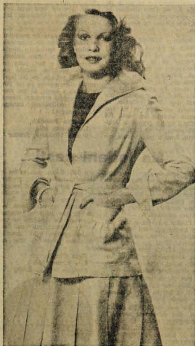
Za vse, ki nestrpno čakajo na prve namige o novi modi: plateni kostim za poletne dni z nagubanim krilom, čez boke segajočo jopico s pasom — in svetle barve.

Ko sejanci dovolj zrastejo in prekrijejo zemljo, jih je treba pikirati. S tankim ostrim lesom vtisnemo sadike v zemljo, lahko tudi po dve tri skupaj. Med sadikami naj bo za prst ali dva razmika. Ob primerni oskrbi bomo lahko vzgojili razne sadike doma, še najlaže v topli gredi.
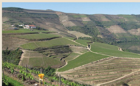
6. Alto Douro
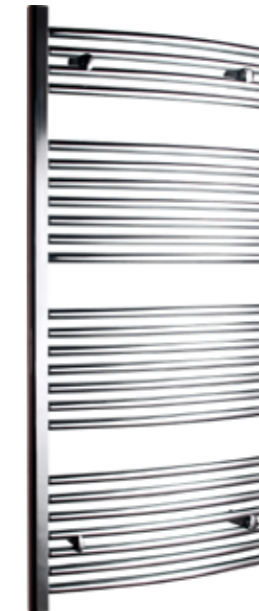
Svängd modell, rund design, förkromad

600 x 1 200 mm (b x h) Effekt: 445 W Art nr 8760014
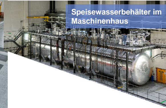
Speisewasserbehälter im Maschinenhaus
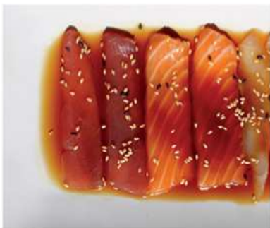
145. CARPACCIO MISTO / € 8.00
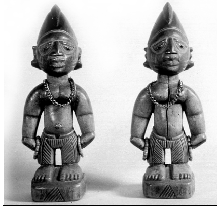
Ibêjis, em sua apresentação original africana, eram orixás gêmeos, sincretizados assim com Cosme e Damião.

No dia 27 de setembro será realizada a sessão comemorativa de Ibêjis em nossa casa a partir das 19h. Participe conosco e convide também seus amigos! Às 15h teremos também distribuição de doces de Cosme e Damião.
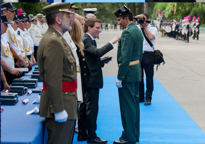
Distinción a mandos del Cuerpo Nacional de Policía y de la Guardia Civil.
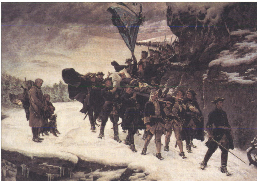
Gustaf Cederström, Karl XII:s likfärd
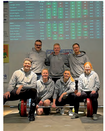
Mannschaft gegen TSV Waldkirchen

Am 10.01.2026 stand der Auswärtskampf gegen den Absteiger aus der 2. Bundesliga, den TSV Waldkirchen,
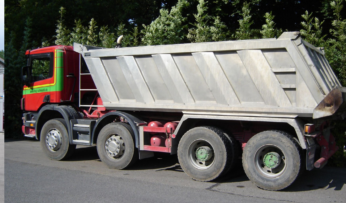
4-Achser mit Belagsdecke ca. 21 to. Nutzlast
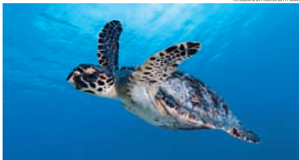
Tortuga Carey ( Eretmochelys imbricata ).
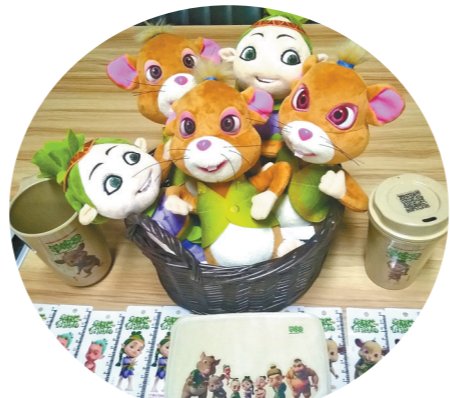
《草精灵》动漫衍生产品。本报记者 徐跃 摄
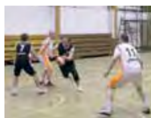
BKS Bratoszewice (czarne stroje).

BKS trafił do grupy A wraz z Danak, Magic Travel, MOSiR Łódź, TRNR.PL oraz Polską Organizacją Sportową. Grupę B tworzą natomiast Rozjuszone Leniwece, Ball Don't Lie, Dipol. tv, CDM Folie, Salos Łódź oraz Gromar Bad Boys. Swoje pierwsze spotkanie w tegorocznej rywalizacji koszykarze Bratoszewice mają już za sobą. Wynik tego meczu nie jest nam znany, gdyż spotkanie odbyło się po zamknięciu tego wydania Wieści. Kolejny mecz BKS rozegra natomiast w czwartek, 23 października o
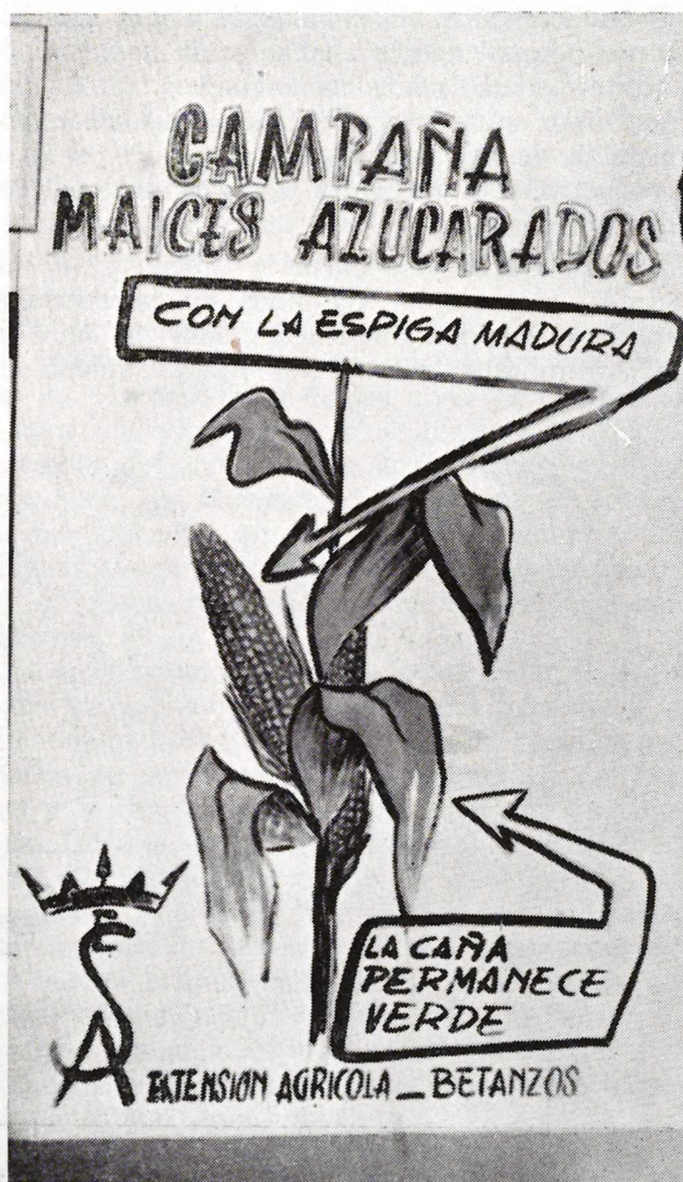
Carteles murales anunciadores del Servicio de Extensión Agrícola de Betanzos.

jeto de la campaña, a las que se les expone un anteproyecto y, con su colaboración, se redacta el definitivo. Se confeccionan carteles murales, hojas divulgadoras, circulares, etc., y cuanto
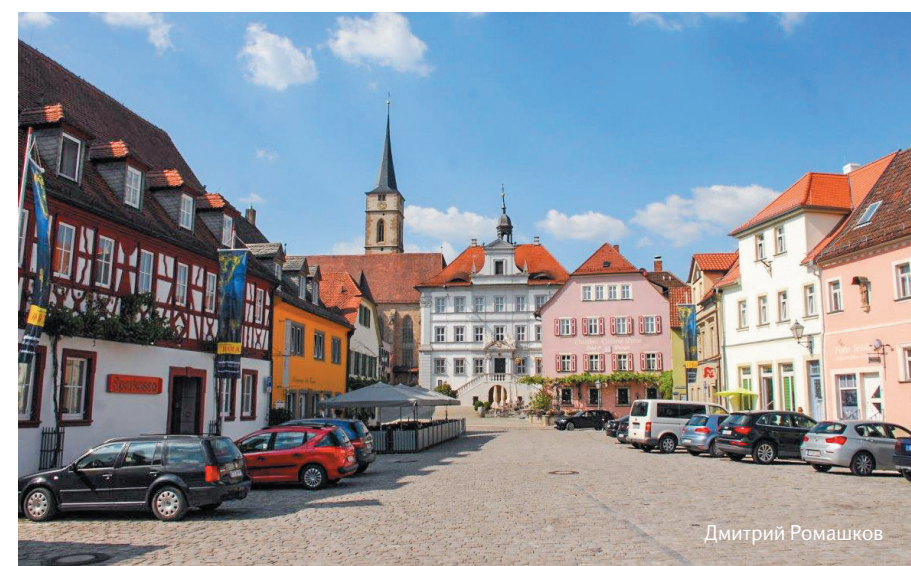
Жаркий полдень маленького Ипхофена

Вот и получается, что гипс, прекрасный строительный материал, ставший на многие века и продолжающий быть спутником технического

========================================

**Work to complete**
From the first line to the last, return the material above exactly, apart from the pictures.

**Written answer**
Za vse, ki nestrpno čakajo na prve namige o novi modi: plateni kostim za poletne dni z nagubanim krilom, čez boke segajočo jopico s pasom — in svetle barve.

Ko sejanci dovolj zrastejo in prekrijejo zemljo, jih je treba pikirati. S tankim ostrim lesom vtisnemo sadike v zemljo, lahko tudi po dve tri skupaj. Med sadikami naj bo za prst ali dva razmika. Ob primerni oskrbi bomo lahko vzgojili razne sadike doma, še najlaže v topli gredi.
6. Alto Douro
Svängd modell, rund design, förkromad

600 x 1 200 mm (b x h) Effekt: 445 W Art nr 8760014
Speisewasserbehälter im Maschinenhaus
145. CARPACCIO MISTO / € 8.00
Ibêjis, em sua apresentação original africana, eram orixás gêmeos, sincretizados assim com Cosme e Damião.

No dia 27 de setembro será realizada a sessão comemorativa de Ibêjis em nossa casa a partir das 19h. Participe conosco e convide também seus amigos! Às 15h teremos também distribuição de doces de Cosme e Damião.
Distinción a mandos del Cuerpo Nacional de Policía y de la Guardia Civil.
Gustaf Cederström, Karl XII:s likfärd
Mannschaft gegen TSV Waldkirchen

Am 10.01.2026 stand der Auswärtskampf gegen den Absteiger aus der 2. Bundesliga, den TSV Waldkirchen,
4-Achser mit Belagsdecke ca. 21 to. Nutzlast
Tortuga Carey ( Eretmochelys imbricata ).
《草精灵》动漫衍生产品。本报记者 徐跃 摄
BKS Bratoszewice (czarne stroje).

BKS trafił do grupy A wraz z Danak, Magic Travel, MOSiR Łódź, TRNR.PL oraz Polską Organizacją Sportową. Grupę B tworzą natomiast Rozjuszone Leniwece, Ball Don't Lie, Dipol. tv, CDM Folie, Salos Łódź oraz Gromar Bad Boys. Swoje pierwsze spotkanie w tegorocznej rywalizacji koszykarze Bratoszewice mają już za sobą. Wynik tego meczu nie jest nam znany, gdyż spotkanie odbyło się po zamknięciu tego wydania Wieści. Kolejny mecz BKS rozegra natomiast w czwartek, 23 października o
Carteles murales anunciadores del Servicio de Extensión Agrícola de Betanzos.

jeto de la campaña, a las que se les expone un anteproyecto y, con su colaboración, se redacta el definitivo. Se confeccionan carteles murales, hojas divulgadoras, circulares, etc., y cuanto
Жаркий полдень маленького Ипхофена

Вот и получается, что гипс, прекрасный строительный материал, ставший на многие века и продолжающий быть спутником технического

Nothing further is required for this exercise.